スープの原材料名ではポークエキスの含有量が最も多く、それに次いでチキンエキス、豚脂、チキンオイルと豚骨に並ぶ勢いで鶏成分も組み込まれているため、純粋な豚骨スープではないのですが、あくまでも鶏は下支えに過ぎず、体感的には豚骨が優勢です。しかも、それは実に濃度が高い。
博多とんこつラーメンのような乳白色のスープではなく、やや褐色に濁っているのですが、これも久留米ラーメンのイメージに通じるポイントですよね。「焼豚ラーメン」を筆頭にサンポー食品が製造する豚骨スープの原料には「乳製品」が使用されていることも多いのですが、今回のスープに乳製品及び乳等を主要原料とする食品などは使用されていません。
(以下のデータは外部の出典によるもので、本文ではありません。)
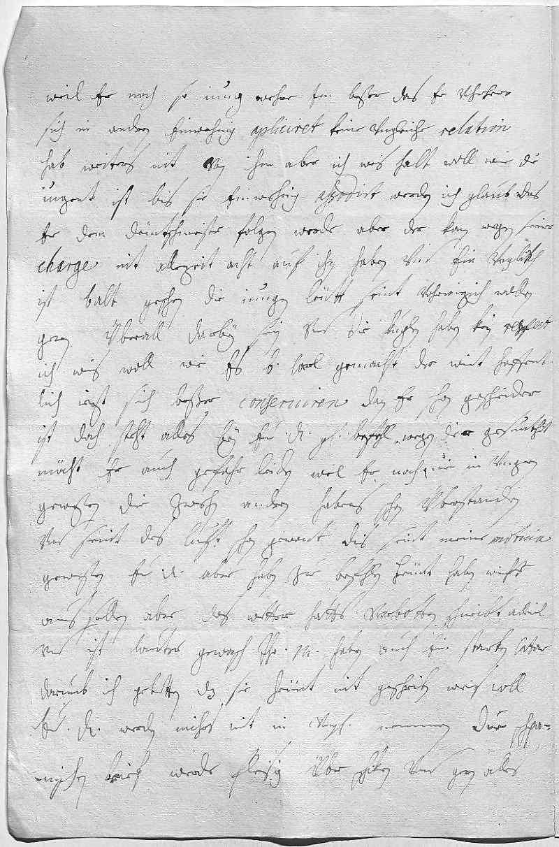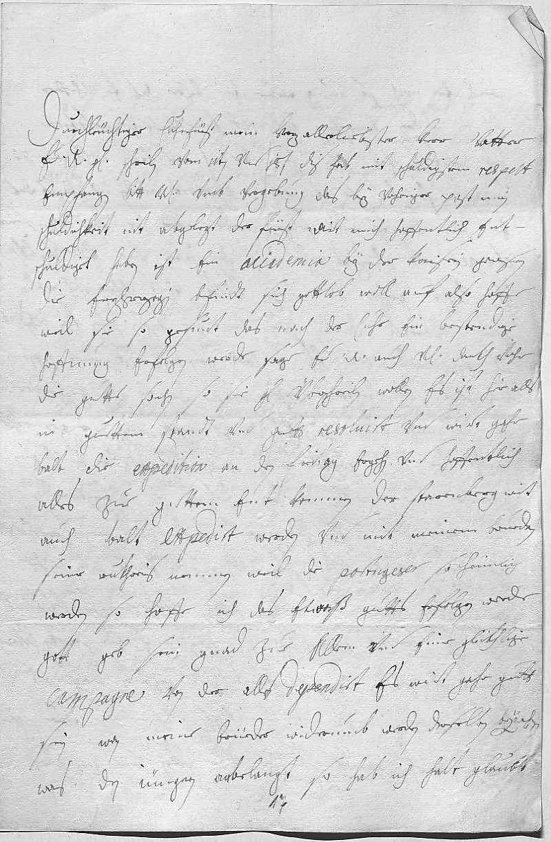 0001Durchleüchtiger Cuhrfürst, mein herzallerliebster herr vatter 0002Ewer Durchlaucht gnädige schreiben vom 11ten vnd 18ten dis hab mit schuldigstem respect 0003empfangen. Bitt vnterdehnigst vmb vergebung, das bey vohriger post mein 0004schuldichkeit nit abgelegt. Der Fürst wirt mich hoffentlich ent- 0005schuldiget haben, ist ein accademia bey der Kaiserin gewesen. 0006Die Erzherzogin befindt sich gottlob woll auf, also hoffe, 0007weil sie so gesunt, das nach der cuhr ein bestendige 0008hoffnung erfolgen werde. Sage ewer Durchlaucht auch vnterdehnigst dankh vohr 0009die gutte sachen, so sie gnädigst überschreiben wollen. Es ist hir alls 0010in guettem standt vnd guett resoluirt vnd wirt gahr 0011balt die expedition an den Freitag ergehn vnd hoffentlich 0012alles zue guttem ent kommen. Der Starenberg wirt 0013auch balt expedirt werden vnd mit meinem bruedern 0014seine rukhreis nemmen. Weil die portugeser so heimlich 0015werden, so hoffe ich, das etwaß gutts erfolgen werde. 0016Gott geb sein gnad zue allem vnd eine glükhlige 0017campagne, von der alles dependirt. Es wirt gahr gutt 0018sein, wan meine brüeder widerumb werden derselben beywohnen. 0019Was den iüngren anbelangt, so hab ich halt glaubt,

それだけに焼豚ラーメンのクリーミーなスープとは大幅に印象が異なってくるのですが、焼豚ラーメンの色を残しながらも差別化は明白で、ザラついた舌触りこそ感じられないものの、スープの奥から豚骨の骨っぽさがクンッ‥と上がってくる、なかなか硬派なスープです。ただ、ギミック的な要素が少ないことで油揚げ麺特有の風味が目立ってくるというか、ちょっと(珍しく)野暮ったくも思えたので、ほんと緻密な計算が必要なんだなぁ‥って。たかがカップ麺、されどカップ麺ですね。
かやく
焼豚ラーメンに使用しているおなじみのハート型チャーシューに、丸星ラーメンらしくねぎと海苔を合わせました。
(出典:サンポー食品「新着情報」)
あいかわらず職人ワザの光る極薄カットのハート型チャーシューですが、たまたま私の引きが悪いのか大盛バケツ型の時は調理前からハートブレイク(穴あき)状態で、レギュラーの焼豚ラーメンよりも薄いように思います。とはいえ下味濃いめで地味に食べ応えがありますし、サンポー食品の “心をこめて作りました” という気持ちの表れが心温まりますよね。
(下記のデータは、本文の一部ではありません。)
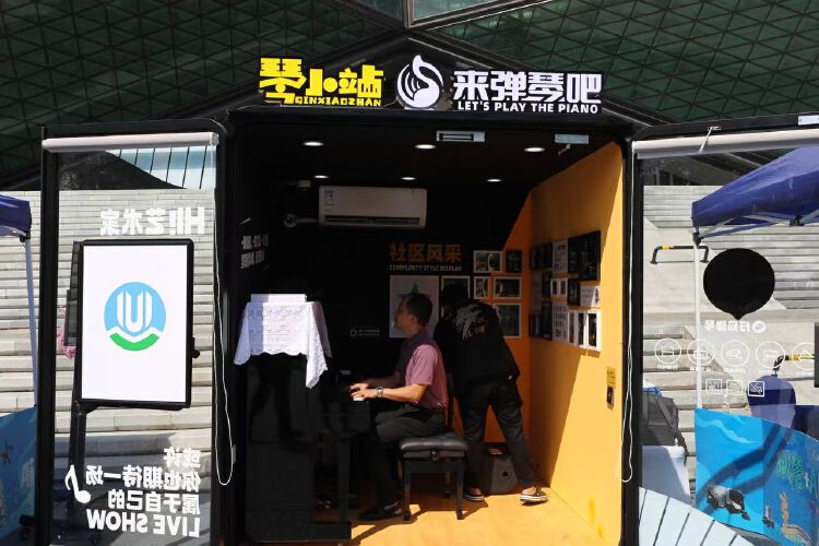 琴小站科技有限公司开发的共享智能琴房,在活动现场赢得了众多市民的目光。智能琴房的出现,极大程度上解决了部分市民“没钱买钢琴、没地方放钢琴、没人教钢琴”的痛点,为市民对艺术文化的向往提供了更多解决方案,让市民在漫步公园即可感受音乐的浪漫美好。

焼き海苔は「有明のり」のブランドイメージかもしれませんが、他社の焼き海苔(ノーブランド)よりも風味が洗練されているように感じました。ほんとイメージにのせられているだけかもしれませんけどw 有明海苔は伊達じゃない。
家系ラーメンの鶏油コーティングよろしく海苔をスープに浸してから表面の調味油を纏わせ、麺を包み込むようにして食べると美味しいです。こってりスープに海苔のアクセントがピッタリですし、味の大幅な気分転換にもなるので、貴重な二枚を計画的に使いましょう。
総評
★★★★★☆☆☆☆☆(★5+)
スープにインスタント感の強いギミック的な素材が控えめだったことで、スナッキーな油揚げ麺を完全に飼い慣らせていないというか、もちろんアンバランスでもなければ味としては実に美味しかったんですけど、珍しく油揚げ麺の芳ばしさを100%活かし切れていない面がありました。しかし、それは些細なネック。
お店のイメージよりも完全にカップ麺(焼豚ラーメン)サイドの仕上がりになるので、いわゆる再現カップ麺的な本格感に期待していると確実にズッコケます。でも、これは丸星ラーメンにインスパイアされた “焼豚ラーメンの変わり種” だと思うので、お店の再現カップ麺として評価するのではなく、あくまでも焼豚ラーメンとして評価すべきだと思い高評価を付けました。
お店のファンの方、またオリジナルの焼豚ラーメンだけを心から愛している方にとってはネガティブに思える節もあるかもしれませんが、長く九州で愛されている両家のタイアップだからこそ打ち出せた重厚感あふれる仕上がりに魅力を感じた、ひとつの変わり種カップ麺として記憶に残る一杯です。油揚げ麺の風味が滲む前のスープが本格的だったので、お召し上がりの際は食べ始めのスープに注目してみてください。